Everything I Don’t Want You To Know About My Dating Life.
So… are you seeing anyone right now?”
A common question I hear — coming from old friends, new acquaintances and occasionally strangers. Usually it’s brought up after we’ve discussed just about everything else that’s going on in our lives. At that point, it seems appropriate for the other person to ask what might be an intrusive question for me.
“No, not right now… I’m just not really looking at the moment.” Is how I usually respond. I figure that’s close enough to the truth.
After a while, I have to wonder if the same friends get tired of asking only to keep getting the same response. In any case, I appreciate their curiosity in wanting know what’s going on with me.
I’ve had several friends share their hangups with dating — we all have. I’ve also read countless (four+) articles describing the “dating scene”, and how difficult it is for people to find a partner these days. Most of what’s out there sounds pretty disheartening, but not all of it.

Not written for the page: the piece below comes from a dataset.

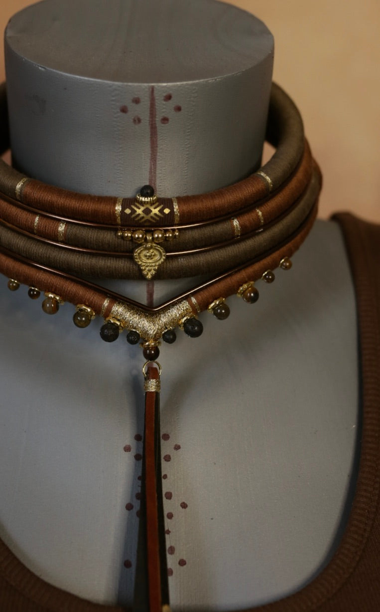 Collier a quatre rangs brun et kaki, soulignés de détails dorés et de perles naturelles suspendues 5oeilr de tigre et pierre de lave noir).

In general, the whole affair doesn’t sound like much fun — but to be honest, sitting outside of it hasn’t been much fun either.
After all, do I have to let another year go by with me saying that I’ll just “love myself” first, before looking for any kind of relationship?
(All the while, having a longing for intimacy that everyone around me is probably aware of.)
Just a few weeks ago, I attended a meetup group where people get to bring up any issues they’re experiencing, and receive feedback from other participants. In that particular meeting, one woman brought up how she hadn’t been in a relationship in several years.
Right away, everyone in the room could relate to what she was saying. Not only that, but we were all glad she brought it up, as it’s something people usually don’t get to talk about openly.
At the time I didn’t have any advice to offer; few genuine words of encouragement as I hadn’t quite figured out this area of my life. As the meeting played out, I was caught up reflecting on my own experience…
Before I go on, I ought to lay out some relevant stats about me:
Time since last relationship: Almost 5 years.
# of dates since then: … Very few.
It’s a bit embarrassing to be writing about this, since it seems like everyone else is doing a lot better than me (this is a competition, right?).
And it’s difficult to explain what exactly I’ve been doing throughout all that time. I was trying to figure out my career before getting involved in any kind of romance. At least, that’s been the ongoing narrative in my head for about as far back as I can remember. I’ve also been living with my parents, so most of the time I took myself “off the market” so to speak. But the reality was that most of the time, I never saw myself as being worthy of being in a relationship.
There were short bouts of wanting to find dates to go on, too. At one point, I was working with a life coach to get me out of my comfort zone and introduce myself to women who I’d meet in public. Sometimes I’d bug my friends for their accountability so that I’d actually follow through on this.
Despite my clumsiness, that usually led to some pleasant interactions. Not much in the way of dates or relationships, but fun conversations nonetheless.
Eventually I’d find some way to chicken out, though. I’d decide that something else should be a priority in my life — some project, job or other endeavor would take shape, and I’d put dating off to the side. No matter how many people told me to just go for it — that I have plenty of qualities that someone would be into, I still never felt content with myself.
In the end, those jobs came & went, some projects crashed and I wound up where I started in this whole career game, too — and back at my parents’ place.
Almost two years ago I decided to move temporarily to another country (Bali, Indonesia), and thought that might shake things up a bit for me. What stood out to me most, underneath the sense of awe and excitement of being in a new country, were the recurring doubtful thought patterns that I’ve carried with me all along.
However, one of my few dating experiences brought me a brief moment of clarity. Having spent a day together exploring the area, I took my date back to her hotel in the evening.
(No, “that” didn’t happen, but it was a memorable experience nonetheless).
We laid down next to each other on her hammock and she was quickly falling asleep besides me. My mind raced — not to make anything happen in this situation, but just surprised by how normal it felt to be in someone’s company.
Looking up at the stars, I couldn’t help but think to myself…
About all the time I’d spent alone, wishing I was someone or somewhere else.
About the books & articles I’d read on dating and relationships.
About my friends’ advice to improve my dating life.
And after all that, realizing that this sweet experience I’ve been robbing myself of…
Was just a natural thing for two people to do.
Although I might not be the most “successful” in the dating world, I won’t look back on my experience as being totally fruitless.
After all, the love I’ve received from women came in many different forms that didn’t involve having sex — whether that be support and encouragement, guidance, or affection. Maybe my Bros will say that I ended up in the “Friend Zone”, but between those particular women and I — I don’t wish that our relationships were any different. To do so would be overlooking the impact they had on me.
Maybe I had to go through all that time being “alone” for me to realize:
I don’t need to be inside a woman to know that I’m alright as a person.
But hopefully I won’t spend another few years telling myself the same thing :o).
In either case, I hope someone reads this and feels they’re not alone, after all.